I didn't want to run anything by hand. So there's a second daemon whose entire job is to make sure the first one runs. A watchdog, installed outside of nix-darwin so it doesn't depend on nix-darwin activation to exist, which would be circular:

<key>ProgramArguments</key>
<array>
	<string>/bin/sh</string>
	<string>-c</string>
	<string>/bin/wait4path /nix/store &amp;&amp; (/bin/launchctl kickstart system/org.nixos.activate-system 2>/dev/null || /bin/launchctl bootstrap system /Library/LaunchDaemons/org.nixos.activate-system.plist 2>/dev/null || true)</string>
</array>
<key>RunAtLoad</key>
<true/>

wait4path again, same reason: don't touch launchctl until the store is mounted. Then try to kickstart the service (restart it if it's already loaded), and if that fails, bootstrap it (load it from scratch). One of those is the right move depending on whether launchd half-loaded the daemon or skipped it entirely, and I don't know which state I'll be in, so I try both and || true my way past whichever one was already done.

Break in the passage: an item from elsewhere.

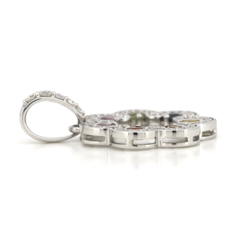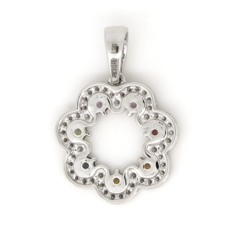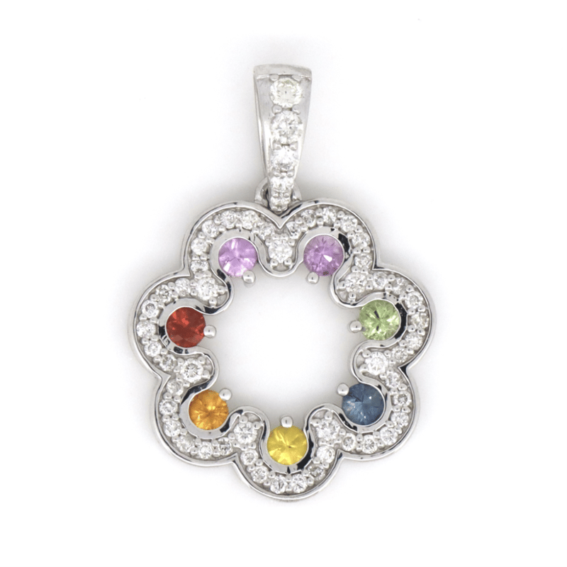 14K WHITE GOLD, MULTI-COLOURED SAPPHIRE AND DIAMOND, DECORATIVE PENDANT. The Design Features, 14 Round Faceted Cut, Pink, Green, Blue, Yellow, Orange And Red, Sapphires (0.48Ct Tsw, Eye Clean Clarity), Claw Set. Accompanying The Sapphires And Decorating The Drop Are, 54 Round Brilliant Cut, Diamonds (0.36Ct Tdw, G-I Colour, Si-I2 Clarity), Bead Set. Total Item Weight 2.4Grams. Jewellery Valuations Provided By A Third Party Professional Not Directly Associated With Lloyds Auctions at AUD $8,400.00This Insurance Valuation has been provided by a registered Jewellery Valuer and is intended for insurance purposes only. The valuation amount has no bearing on the auction value of the item. Any questions regarding the valuation should be directed to the issuing Valuer (refer to contact details on the certificate) as Lloyds have no association or relationship with the Valuer or the valuation amount contained within the valuation. Condition: NEW 0645874+43

The bootstrap that installs this watchdog lives in fix-nix.sh, and it's careful to only reinstall when the plist actually changed:

if ! cmp -s "$WATCHDOG_SRC" "$WATCHDOG_PLIST" 2>/dev/null; then
    echo "🔧 Installing activate-system watchdog..."
    sudo cp "$WATCHDOG_SRC" "$WATCHDOG_PLIST"
    sudo chown root:wheel "$WATCHDOG_PLIST"
    sudo chmod 644 "$WATCHDOG_PLIST"
    sudo launchctl bootout system/org.nixos.activate-system-watchdog 2>/dev/null || true
    sudo launchctl bootstrap system "$WATCHDOG_PLIST" 2>/dev/null || true
fi

So there are two layers, and they're answering two different failures. The shell wait handles activation running late: be patient, then give up loudly. The watchdog handles activation not running at all: kick it on every boot, after the store is up. Neither one alone closes the gap. The wait can't summon a daemon that launchd forgot, and the watchdog can't make a shell that started too early go back and re-read its PATH.

I still don't know the exact conditions where launchd drops the daemon. I've stopped needing to. The shell waits when it should and bails when it must, and the watchdog quietly re-arms the thing every boot. I haven't opened a fresh terminal to command not found: git since.

I do still sometimes close the tab and open a new one. Old habits.